Fit model ARIMA(3,2,0)
model.320=arima(egg.ts, order = c(3,2,0), method='CSS')
coeftest(model.320)
##
## z test of coefficients:
##
## Estimate Std. Error z value Pr(>|z|)
## ar1 -0.53949 0.23534 -2.2924 0.02188 *
## ar2 -0.33499 0.27022 -1.2397 0.21508
## ar3 -0.45802 0.26462 -1.7309 0.08348 .
## ---
## Signif. codes: 0 '***' 0.001 '**' 0.01 '*' 0.05 '.' 0.1 ' ' 1
model.323=arima(egg.ts, order = c(3,2,0), method='ML')
coeftest(model.320)
##
## z test of coefficients:
##
## Estimate Std. Error z value Pr(>|z|)
## ar1 -0.53949 0.23534 -2.2924 0.02188 *
## ar2 -0.33499 0.27022 -1.2397 0.21508
## ar3 -0.45802 0.26462 -1.7309 0.08348 .
## ---
## Signif. codes: 0 '***' 0.001 '**' 0.01 '*' 0.05 '.' 0.1 ' ' 1
- Only AR1 coefficient of ARIMA(3,2,0) model is significant at 5% significance using both test.

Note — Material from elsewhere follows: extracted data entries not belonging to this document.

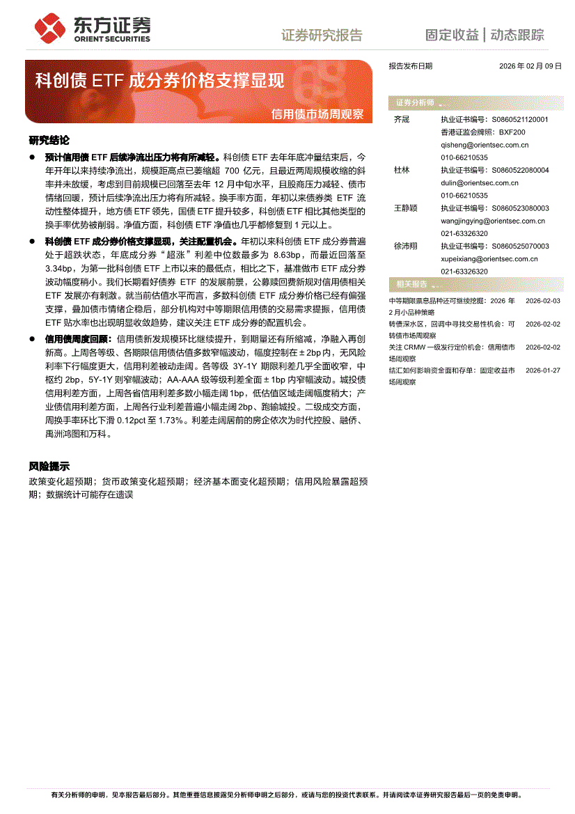 东方证券-信用债市场周观察:科创债ETF成分券价格支撑显现-260209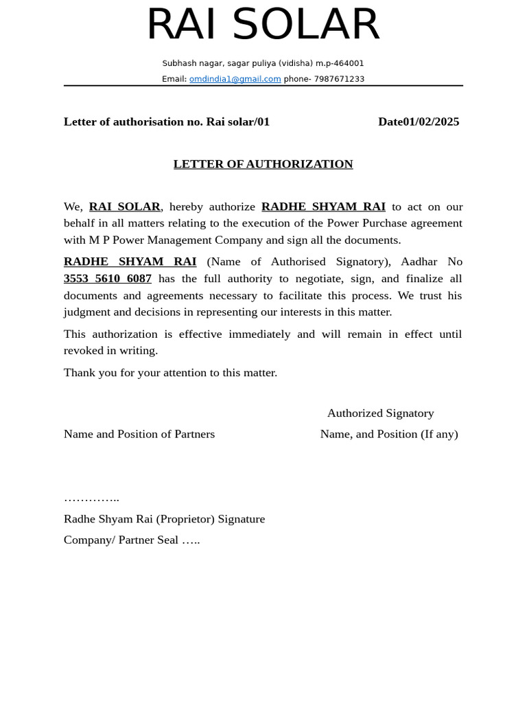 Letter of authorisation no. Rai solar/01 Date01/02/2025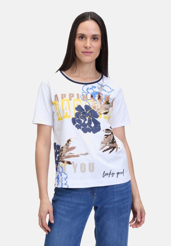 Betty Barclay Shirts | Damen Basic Shirt Mit Rippbündchen Patch White/blue Weiß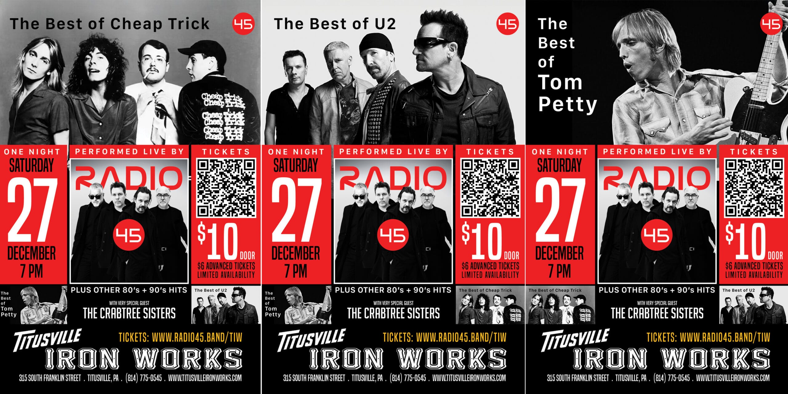Dec 27 Radio 45 Power 80’s and 90’s Hits wsg The Crabtree Sisters @ Titusville Iron Works 6:00 pm - 11:00 pm Radio 45 Titusville Iron Works 315 S. Franklin St., Titusville Event Details Get Directions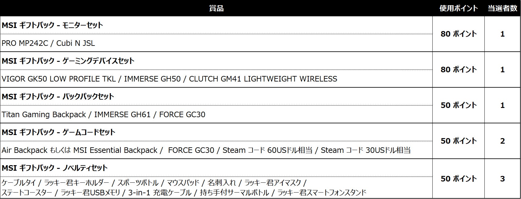 MSI リワードポイントを使うことで、抽選に参加することができます。

- ARIMA(3,2,0) is not a good fit for this time series data. Insignificant terms should be omitted, which gives ARIMA(1,2,0).

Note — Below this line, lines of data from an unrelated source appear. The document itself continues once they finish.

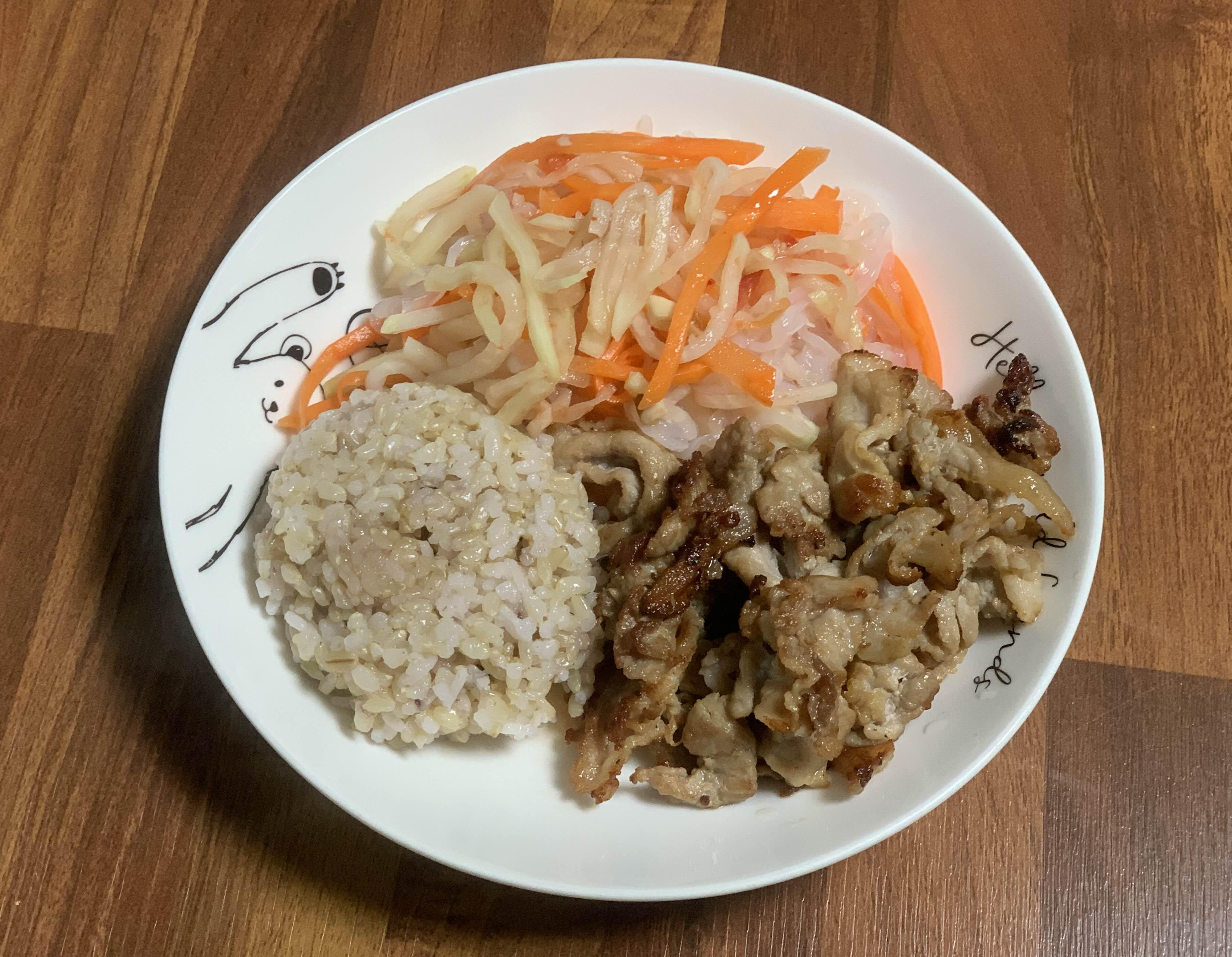 돼지뒷다리살 150g, 현미밥100g, 쏨땀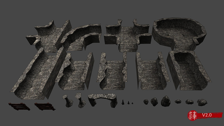 Набор декораций в помощь всем, кто делает уровни в подземельях, подойдёт для создания различных данжей. В набор входит 28 декораций и 4 текстуры к ним (каждая модель использует не больше 2 текстур). Туда входят сегменты для подземных ходов и отдельные декорации, вроде камней, арок, подпорных стенок и месторождений.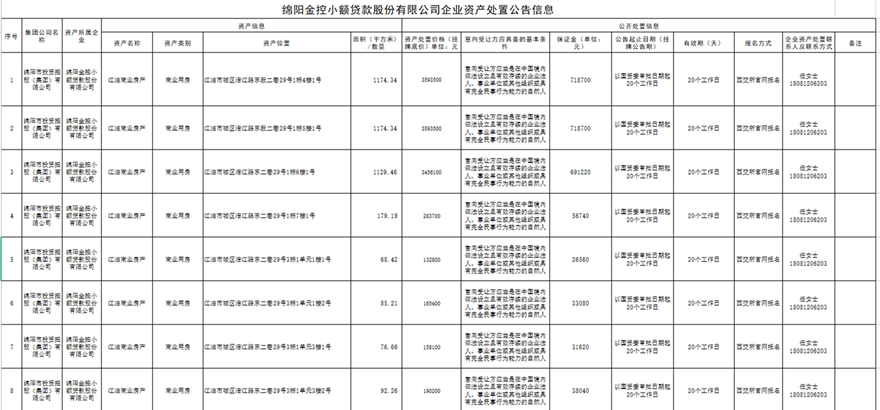 綿陽金控小額貸款股份有限公司企業(yè)資產處置公告信息
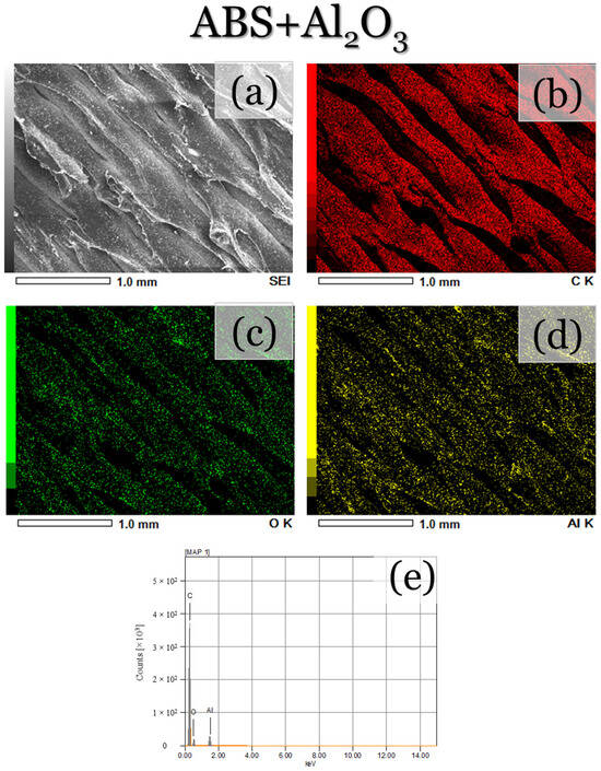 (a) SEM and (b–e) areal EDS map micrographs/EDS spectra of the ABS + Al2O3-printed surface.
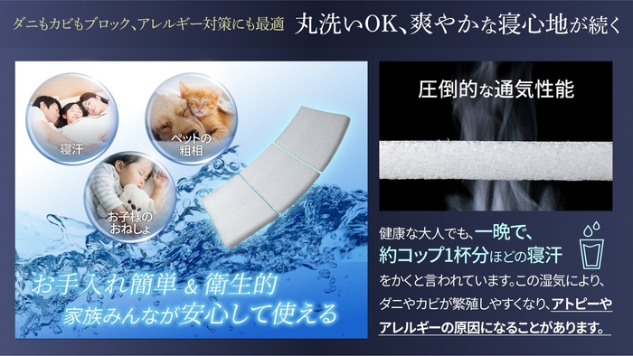 【丸洗いOK!通気性抜群で、いつでも清潔に】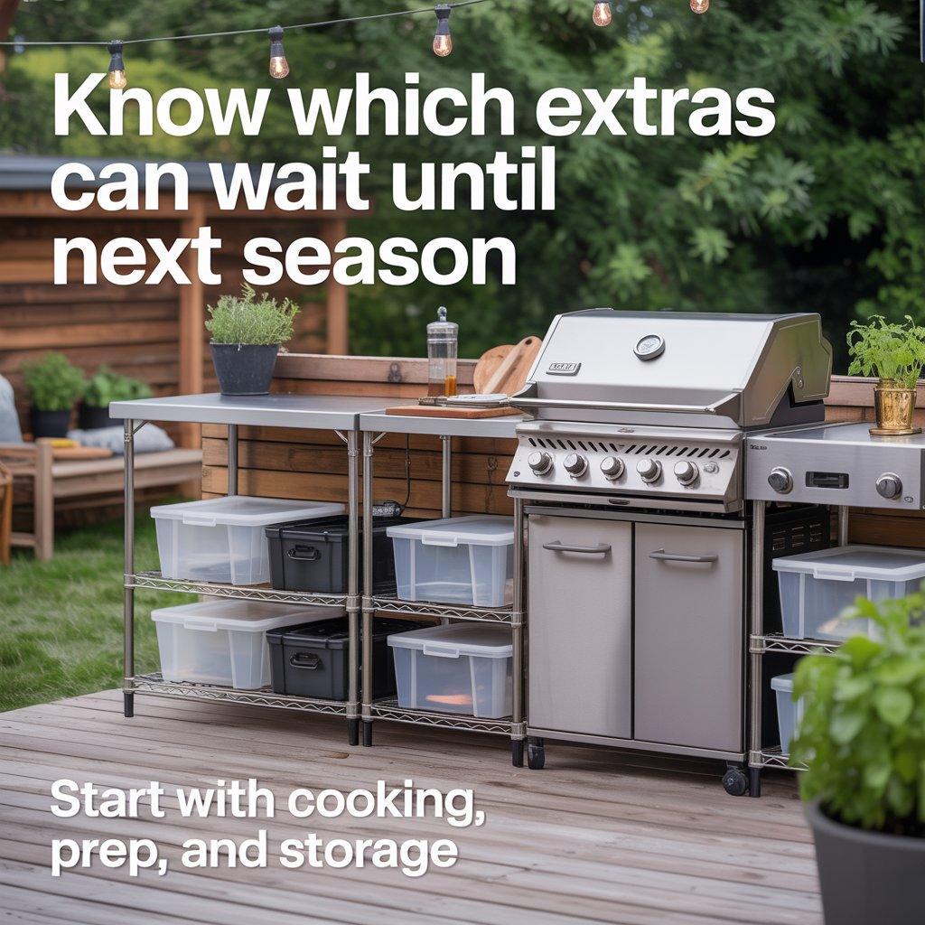 Start with the cheapest outdoor kitchen setup that covers the basics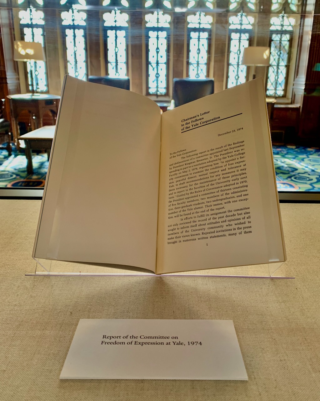 When the Linonia and Brothers Reading Room in Sterling Memorial Library was renovated, the shelves of its foyer were lined with books about Yale and New Haven history. On display in the space is a copy of the landmark 1974 Report of the Committee on Freedom of Expression at Yale, better known as the Woodward Report. |

- ARIMA(1,2,0) has already been shown to be a bad fit for this time series data, so it will not be included in the final model selection.
Model selection
- Only model ARIMA(0,2,1) is included in the final model selection, so we will proceed to prediction using this model.

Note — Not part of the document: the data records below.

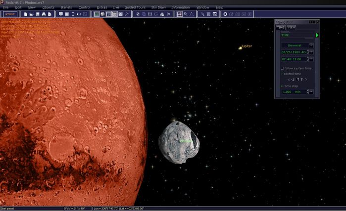 Esta captura de pantalla muestra algunas características de Redshift. Usted puede ver que la luna Fobos es de hecho un modelo 3D que refleja todos los datos disponibles sobre su forma y superficie. Marte es un gran ejemplo de lo que Redshift le entrega usted: Astronomía como una experiencia. Es muy fácil girar alrededor de Marte, aterrizar en el planeta y ver una puesta de sol como un verdadero marciano.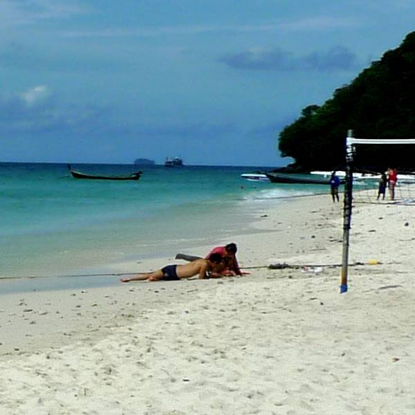 ,里面都是冰块,雪藏这苏打水,果汁等东西,不过没有酒精类饮品,可能是贵,也有可能是信仰的缘故吧。一路上,波浪比较大,有个孕妇受不了,脑袋伸出去图,还有的帅哥到船前方去看风景,小看了太阳的威力(防晒油对安达曼海的紫外线完全不起作用),一身的腱子肉全给烤焦了,后面几天都动弹不得。好不容易登上了岛,发现虽然一路辛苦,但是还是很值得的。海滩很漂亮,小岛也比较安静,人不算多。水质和沙滩,比起普吉岛主岛的芭东海滩这一类海滩,好的不是一点半点。接着救生员出场了,有句话我至今记得:“你们不要以为自己很会游泳,我叔叔也很会游泳,我三岁的时候他去游到现在还没回来。。。”,很多人听完救生员的训导,穿上救生衣就扎到海里去了。海水很温和,阳光也没那么毒了,躺在海上飘着飘着,很惬意~岛上的资源比较匮乏,一些淡水和食物都靠船运输,游完泳以后,冲澡的水也是海水循环再造的,所以感觉洗不干净身上的盐分,海风吹干身子后,穿上衣服,有种怪怪的感觉。 展开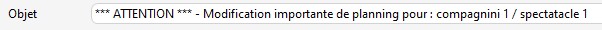 L'objet du message est créé automatiquement mais reste modifiable : Il reprend le nom de l'artiste et son spectacle.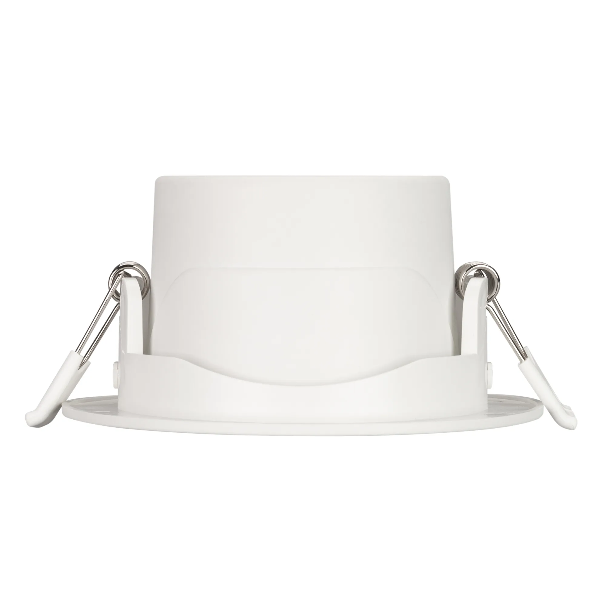 Встраиваемый поворотный светильник "даунлайт". Мощность 10 Вт, св. поток 900 лм, 90 лм/Вт, дневной 4000 K, CRI>80, UGR<19, угол 36°, напряжение питания 230 В. Белый круглый корпус из теплопроводящего полиамида, степень защиты IP20, угол поворота оси 30°. Размер: диаметр 105 мм, высота 51.5 мм. Монтаж встраиваемый, установочное отверстие диаметр 83-95 мм. Пульсация <2%.

Prediction using selected model
predict(model.021, n.ahead=5, newxreg = NULL, se.fit=TRUE)
## Warning in predict.Arima(model.021, n.ahead = 5, newxreg = NULL, se.fit =
## TRUE): MA part of model is not invertible
## $pred
## Time Series:
## Start = 1997
## End = 2001
## Frequency = 1
## [1] 1.080342 1.136584 1.192826 1.249068 1.305310
##
## $se
## Time Series:
## Start = 1997
## End = 2001
## Frequency = 1
## [1] 0.4567535 0.6722845 0.8553529 1.0243099 1.1858809
fit=Arima(egg.ts, c(0,2,1), lambda = 0.5)
plot(forecast(fit, h=5))

Conclusion
- From analyzing the Lake Huron Bloaters egg depositions data, the following set of candidate models were identified: {ARIMA(1,2,0), ARIMA(1,2,1), ARIMA(0,2,1), ARIMA(3,2,2)}.
- Candidate models were used to fit the time series data using both least squares estimate and maximum likelihood estimate methods to determine if they are a good fit for the time series data.
- ARIMA(0,2,1) is the only model that provides a good fit, therefore it was used for prediction and forecasting.
- Egg depositions of Lake Huron Bloaters from 1997 to 2001 are predicted in millions to be 1.080342, 1.136584, 1.192826, 1.249068, 1.305310 with standard errors of 0.4567535, 0.6722845, 0.8553529, 1.0243099, 1.1858809 respectively.